I am especially interested in the case where $n$ is prime. For instance, when $d=2$, algebraic number theory tells us that $p$ prime may be written as $x^2-2y^2$ if and only if $p\equiv\pm 1\mod 8 $, but the proof I have seen is ineffective.
$\def\vareps{\varepsilon}$
Note that if $x^2 - d y^2 = n$, then
$$(x - y \sqrt{d})(x + y \sqrt{d}) = n.$$
Equivalently, you are looking of $\alpha \in \mathbf{Z}[\sqrt{n}]$ such that
$$\alpha \overline{\alpha} = n.$$
Let $S$ denote the set of solutions to this equation. Note that if $\alpha \in S$, then $\overline{\alpha} \in S$.
Now suppose there exists an element $\vareps = u + \sqrt{d} v$ with $u^2 - d v^2 = 1$ with $\vareps > 1$. (There always does.) Then its easy to check that if $\alpha \in S$ then $\alpha \vareps \in S$ and also $\alpha \vareps^{-1} \in S$, where $\vareps^{-1} = u - \sqrt{d} v$. This allows you to take a very large solution and make it smaller. The best way to measure the size of an element of $S$ is via the map:
$$S \rightarrow \{(x,y) \in \mathbf{R} \oplus \mathbf{R}, x + y = \log(n)\}, \alpha \rightarrow (\log |\alpha|, \log |\overline{\alpha}|).$$
Hence by multiplying by powers of $\vareps$ one can ensure that
$$\log(n)/2 + \log(\vareps)/2 \ge \log |\alpha| \ge \log(n)/2 \ge \log|\overline{\alpha}| \ge \log(n)/2 - \log(\vareps)/2.$$
This gives the bound
$$|2x| = |\alpha + \overline{\alpha}| \le |\alpha| + |\overline{\alpha}| \le \sqrt{n}(\vareps^{1/2} + \vareps^{-1/2}).$$
In the particular case where $d = 2$, one can take $\vareps = 1 + \sqrt{2}$, and $n = p$, one obtains the bound
$$x < \sqrt{p} \left(\frac{\sqrt{\sqrt{2} + 1} + \sqrt{\sqrt{2} - 1}}{2} \right) = \sqrt{p} \cdot 1.0986841\ldots $$
For example, out of the first 10000 primes, the closest hit is
$$321 - 2 \cdot 94^2 = 85369,$$
where
$$321 = \sqrt{85369} \cdot 1.098638\ldots $$
It turns out that the bound above (with the given constant) is optimal - you can find primes such that $x/\sqrt{p}$ is arbitrarily close to the given number. This is deeper than the inequality above, to prove it, you have to use equidistribution results of characters first proved by Hecke in 1920 using analytic properties of L-functions of characters.

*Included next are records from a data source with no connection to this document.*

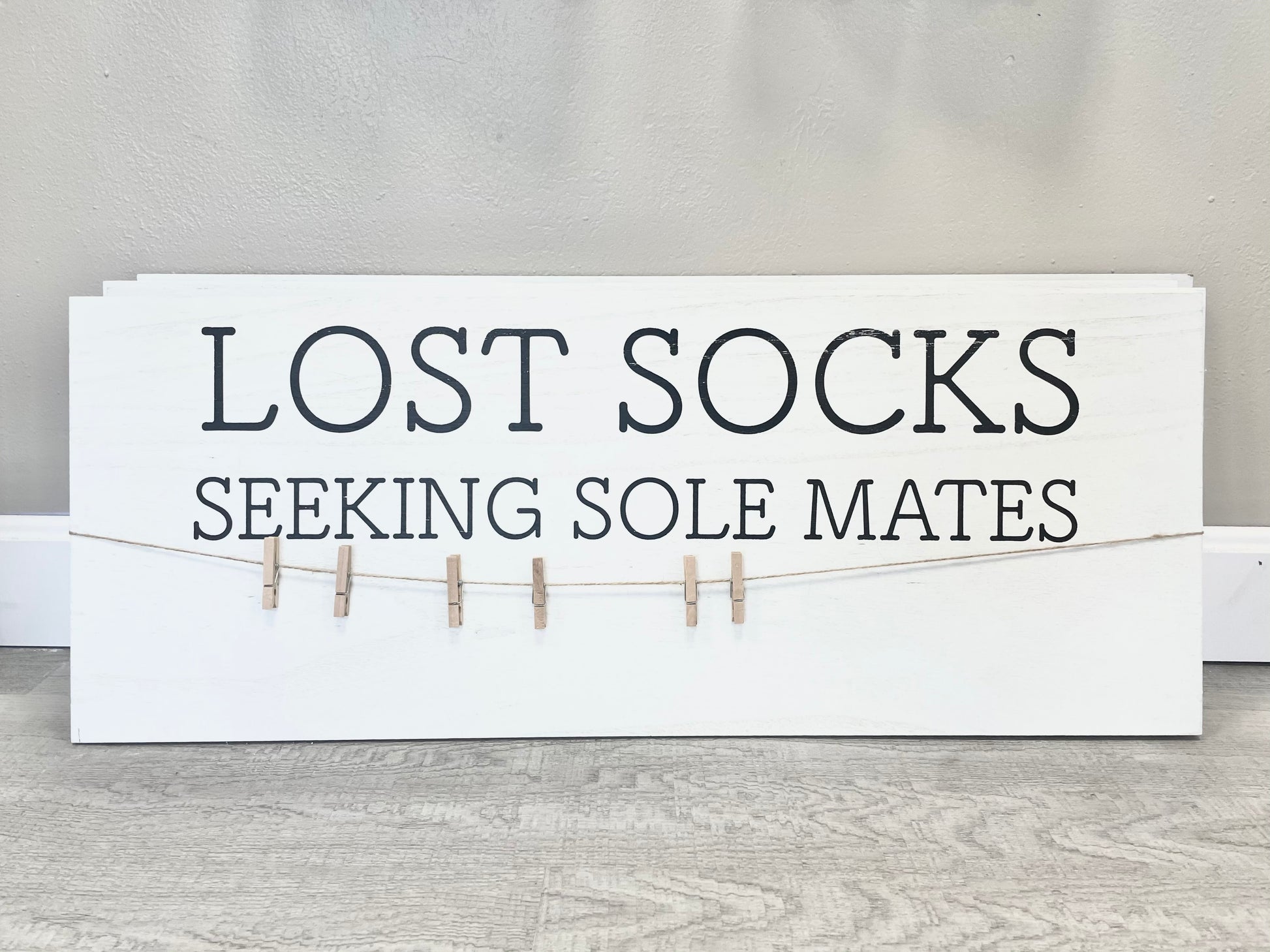 Decorate your laundry room with fun and functional decor! White washed wood sign features lost socks sentiment with twine rope and clothespins to hang socks.
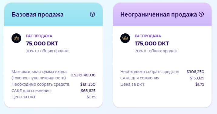 • Цена за 1 токен DKT = 1,75$Для участия обязательно нужно иметь профиль на PancakeSwap, который стоит 1,5 $CAKE — 📎ссылка
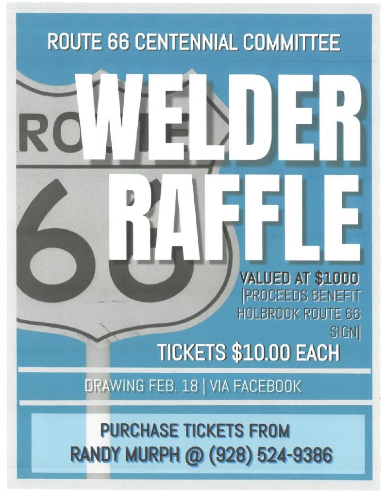 The Route 66 Centennial Committee is hosting a Welder Raffle featuring large oxygen and acetylene tanks plus a cutting torch set.
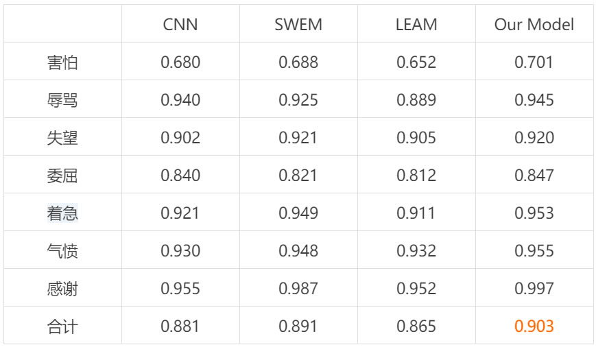 圖 5 給出了在線情感安撫的三個示例,分別對應上述的三種不同層面的回復機制。 表 2:需要安撫的情感分類效果對比
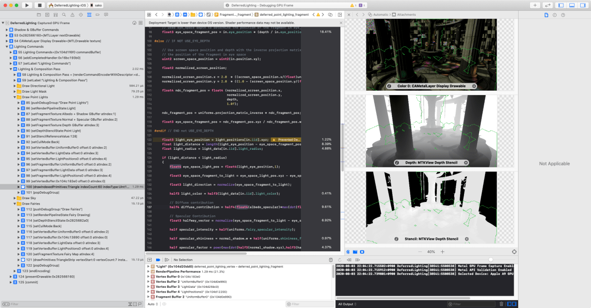 あとは他の手段として、Xcode → Open Developer tool → InstrumentsにMetal GPU Traceというものがありそれでも色々調査できるのだがまだきちんと使いこなせていないので便利な使い方が見つかればまた書く。
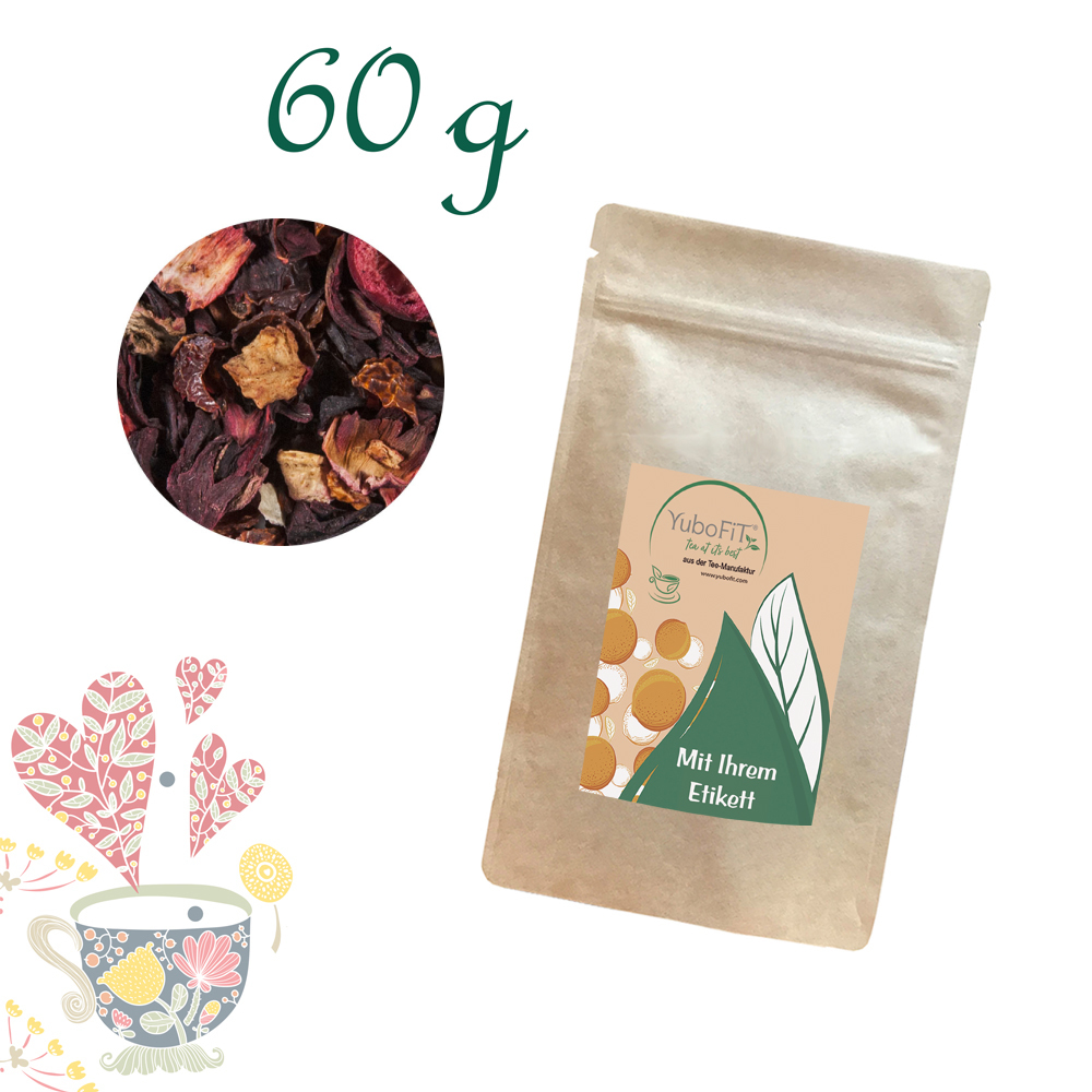 Hibiskusblüten, Hagebuttenschalen, Apfelstücke, Orangenschalen, Aromen, Cranberryscheiben, Sauerkirschen (1 %)

In general, one has the class number formula, which gives a bound rougly of the shape
$$\log |\vareps| < d^{1/2 + \epsilon},$$
(you get a much better bound the bigger the class number is, but one expects $h = 1$ for infinitely many $d$ so you shouldn't expect to do better than this) and so you get a general bound of the form
$$x,y \ll \sqrt{n} \exp \left( d^{1/2 + \epsilon} \right)$$